The prototypical punk bank worked with three chords, but Wire dispensed with two of them.
Stripped down to the point where marginal instrumental skill and conceptual art converged, their first album, Pink Flag, cast a chill on Sex Pistols fans in late 1977, replacing spittle-flecked fury with frosty disdain.
Wire's music grew more layered and less organic on subsequent albums, and the band members drifted apart during the 1990s. But they reemerged at the turn of the millennium, newly dedicated to guitar-based minimalism.
"Our Time," which opened the band's show Friday night at Johnny Brenda's, is based around a single, driving chord, which singer Colin Newman embellished with a guitar solo consisting of exactly two notes.
Wire's determination not to revisit early material was once so steadfast that the members brought a tribute band on tour to head off requests. That stance has softened (the set included four songs from Pink Flag alone), but woe to the fans who think they can alter the band's set list.
Bassist Graham Lewis, whose tight black shirt showed off an imposingly muscled torso, quashed a fan's persistent request with an obscene variation on "Excuse me."
"I judge that was a fair substitute," he drawled after finishing "The 15th."

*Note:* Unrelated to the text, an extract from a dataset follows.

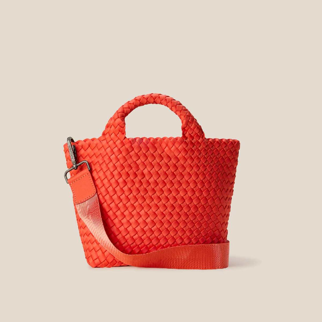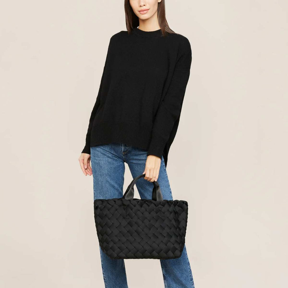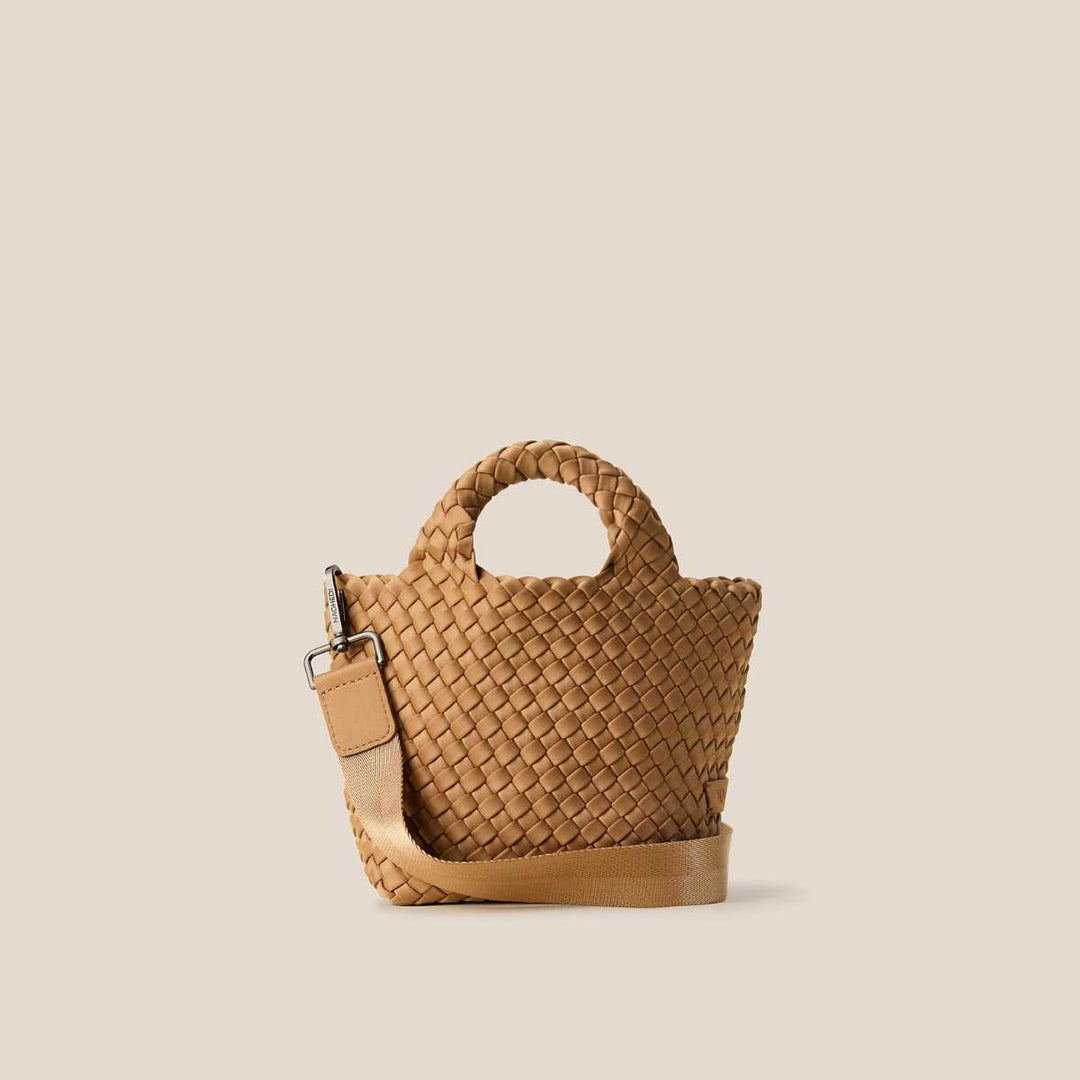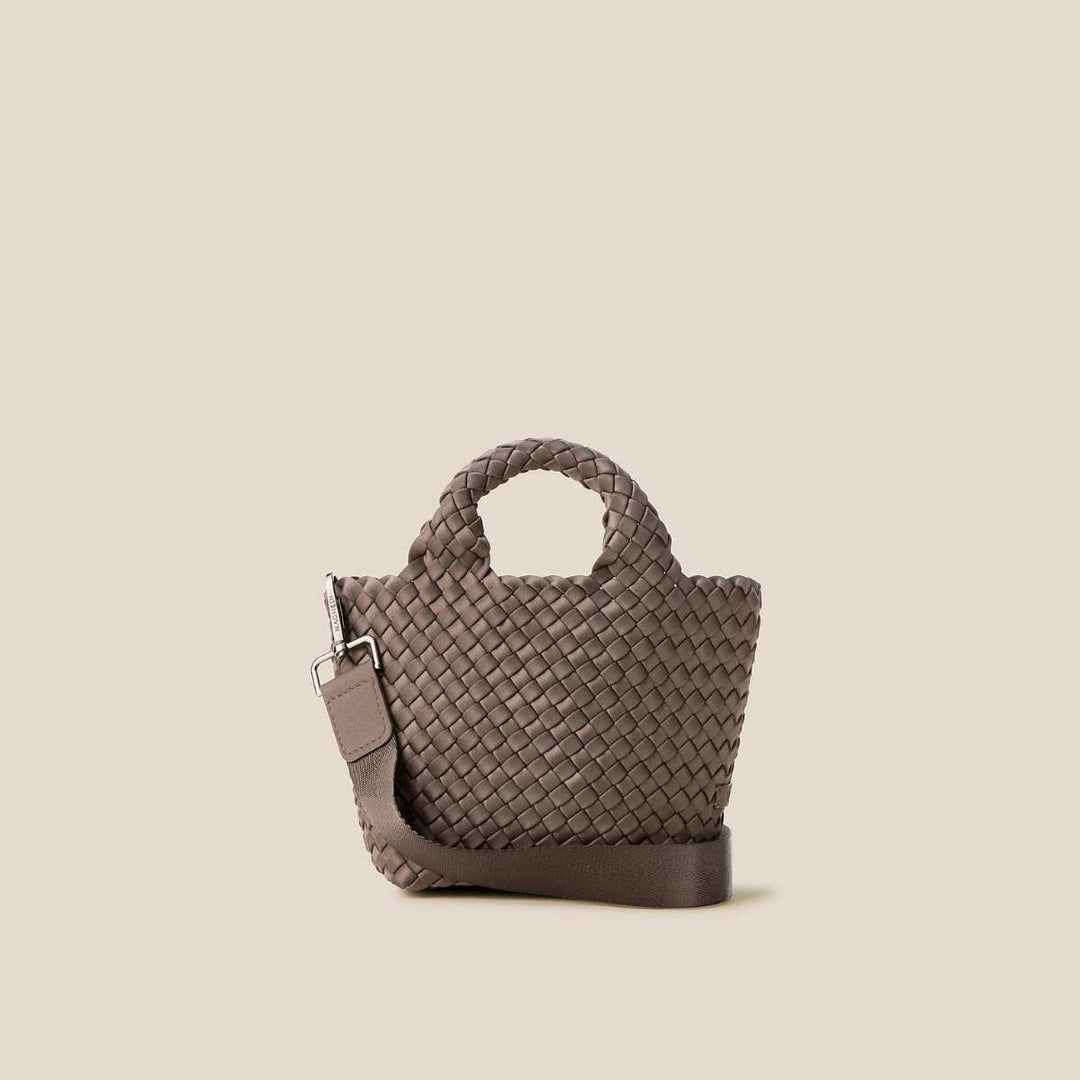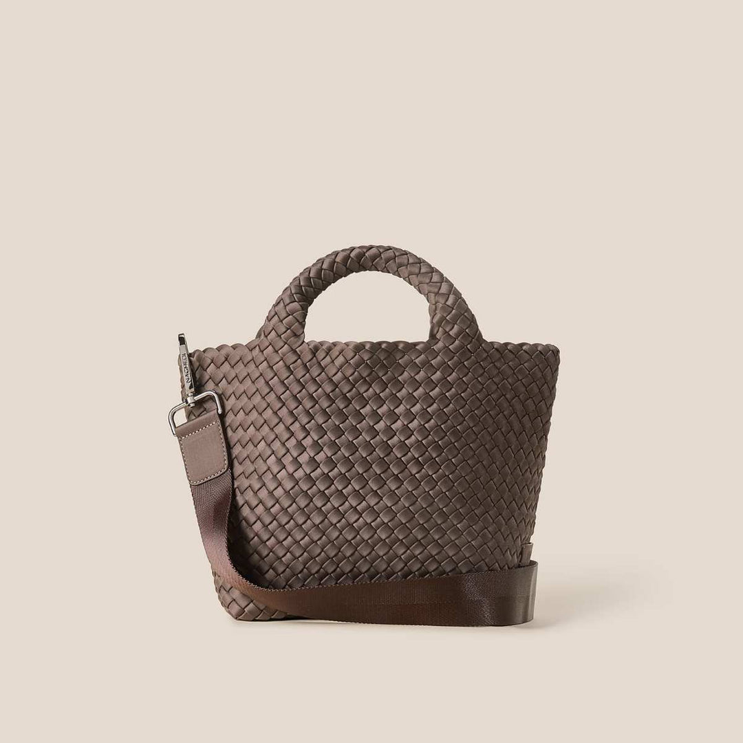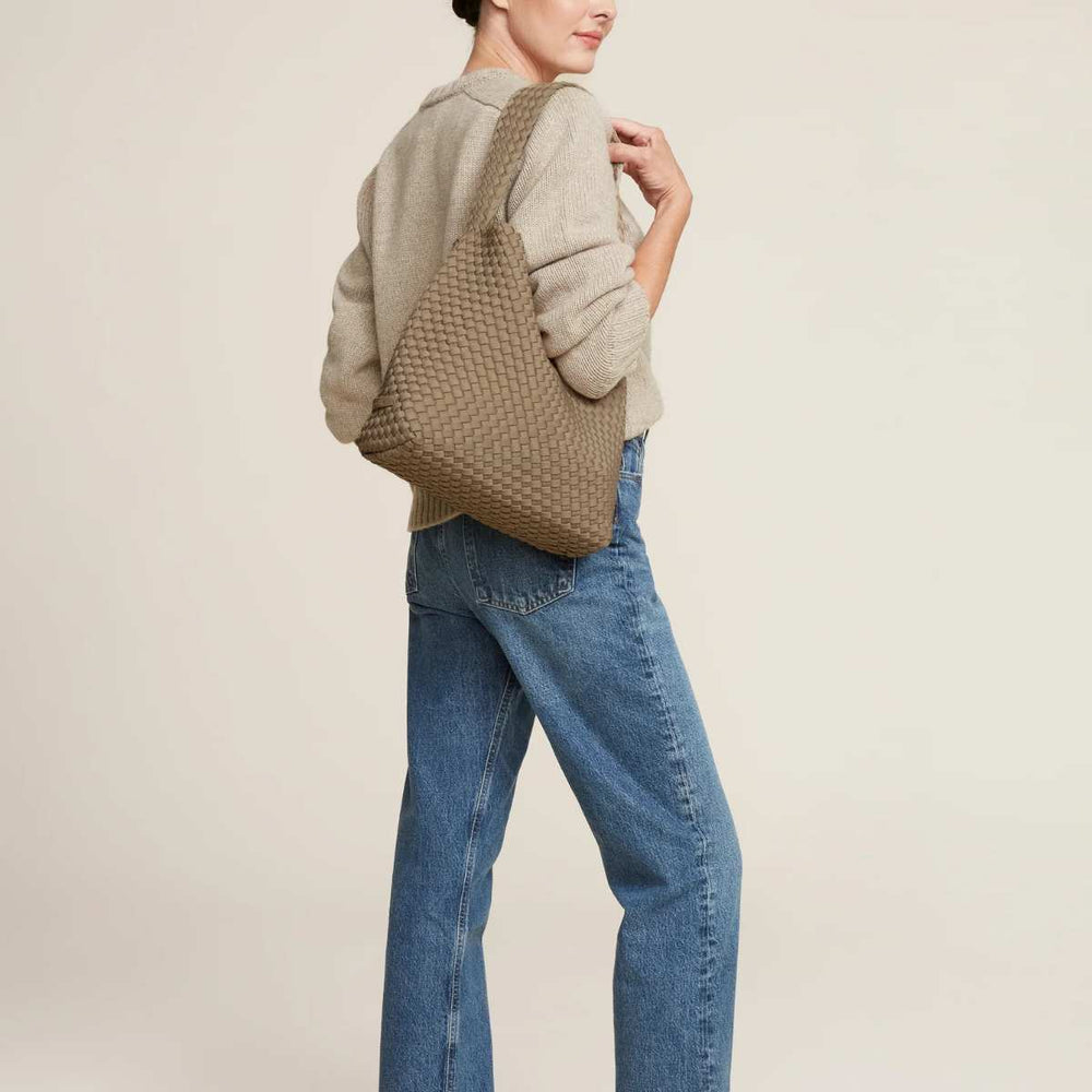 Naghedi-veskene er kjent for sitt karakteristiske vevde mønster, laget av slitesterke, vannavstøtende materialer. Grunnleggeren, Sara Naghedi, ønsket å skape et spennende alternativ til de klassiske skinnveskene, og kom med en helt genial idé: håndvevde vesker laget av neopren.

Object 47, Wire's first album in five years, is the band's first without guitarist Bruce Gilbert, and it lacks some of its predecessor's punch. But Gilbert's absence was more than compensated for by Margaret Fiedler McGinnis, who added subtle coloration and raw power to the band's attack.
On "Silk Skin Paws," a Lewis composition about bankers jumping to their deaths, her crisp downward strokes suggested the tolling of church bells, or the thwack of bodies hitting the pavement. The song's attack on the financial wizards behind the 1987 stock market crash needed little updating to fit current events. Quipped Lewis: "It feels nostalgic."

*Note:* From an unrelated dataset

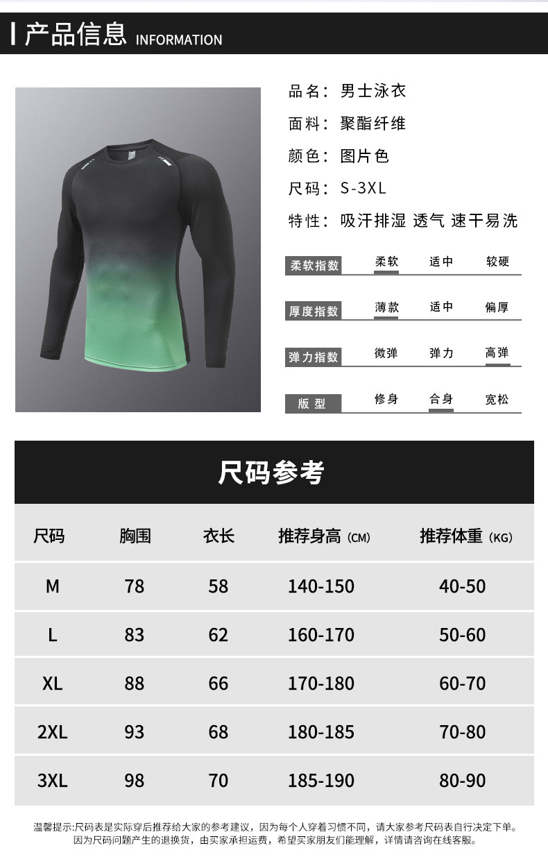 Swimsuit Men's Sun Protection Long-Sleeved Top for Swimming, Hot Springs, Diving, Snorkeling, Surfing, Adult Breathable Quick-Drying Clothing Equipment
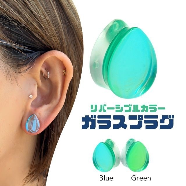 【素材】 ・ガラス 【サイズ】 ・ゲージサイズ00G(全長サイズ約12.7mm・内径サイズ約7mm) ・ゲージサイズ12mm(全長サイズ約12.4mm・内径サイズ約7mm) 【特徴】 ・まるで水滴のような透明感と、角度によって表情を変えるダブルカラーが魅力のリバーシブルガラスプラグ。 ブルーとグリーン、どちらの色を表にするかはあなた次第。ひとつで2通りの楽しみ方ができる、存在感抜群のボディピアスです。 ※キャッチが無いダブルフレアピアスです、フレア部分はゲージサイズより約1.5mm程大きいです。ホールに隙間がない方や伸びにくい方は1ゲージ下のサイズをお勧めします。慣れれば、着脱も楽々&見た目もスマートで、カジュアルにもドレッシーにも合わせられる万能プラグです。光が当たるとより綺麗で、周りに褒められますよ。 【注意】 ・写真はできる限り現品を再現するよう心がけておりますが、お客様のモニター環境に より商品のイメージと異なる場合がございます。ご了承ください。 ※1個売りです。

Anchored by Robert Grey's precise, skeletal drumming, songs like "Comet" hurtled ahead at breakneck pace before slamming into a brick wall, cutting off as abruptly as they began.
In their focus and aggression, Wire's early songs prefigured American hard core, but their anger is abstracted, not visceral, which relieves the band of the obligation to act out a 20-year-old's rage with a 50-year-old's body.
Still searching for relief, the members flail away at that single chord, waiting for the world to change keys.